Bloomberg does it once a year. That said, I have yet to encounter a company more obsessed with business continuity. I don't doubt that their failover systems and testing of them are well beyond the typical.
I think Bloomberg can stand to be down for 8 hours to simulate a disaster. Banks with legacy systems and people constantly dependent on them to conduct business can't risk an actual incident happening because they were testing what would happen if an incident happened.
Netflix designed their stuff from the ground up to fail over. Large monolith corporations who've inherited systems from other companies they've bought or merged with have challenges you won't see many places that have benefited from the 30 years of lessons that were taught at these companies.
> I think Bloomberg can stand to be down for 8 hours to simulate a disaster. Banks with legacy systems and people constantly dependent on them to conduct business can't risk an actual incident happening because they were testing what would happen if an incident happened.
No, it can't. Any loss of customer-facing functionality is a critical outage ("World Problem" in company terminology).

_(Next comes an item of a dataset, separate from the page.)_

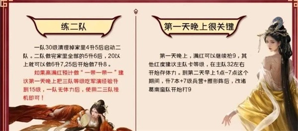 7、练二队:一队30级满建筑4级后启动二队,二队满建筑5级后可带兵打高级地,主队可靠经验书升级,一队没体力后二队挂机。

There are a relatively small number of customers, but the terminal is critical to the operations of those who buy it. The terminal going down for eight hours would be a world-wide headline in the financial press.
A Tier 1 test that simulates loss of a datacenter takes a cluster one DC virtually offline. This puts an entire subset of services offline in that DC entirely. The test is coordinated with the teams who own the services to ensure their services fail over correctly. Any service disruption during the failover is a test failure. If it passes, the customers don't even know it happened. The goal is to be able to lose an entire DC and have the terminal customers not realize it until they hear about it on the news.
Chaos engineering and AWS weren't real things when they started building the company. And the system they have now doesn't resemble much of it was once.
Truth of the matter is they invested more in their infrastructure, but that's because their business plan required them to grow on the back of technological advances. Banks, it's seems, do not. Or maybe they do, and the some of these start up banks will usurp them.
Standard good practice should be to have a redundancy in place and test it at a regular interval. It should be part of periodic maintenance - fail to the backup so updates/grades can be applied to production and fail back to production once done.
But I’m guessing wellsfargo just doesn’t have a reason to care.
Netflix designed their stuff from the ground up to fail over. Large monolith corporations who've inherited systems from other companies they've bought or merged with have challenges you won't see many places that have benefited from the 30 years of lessons that were taught at these companies.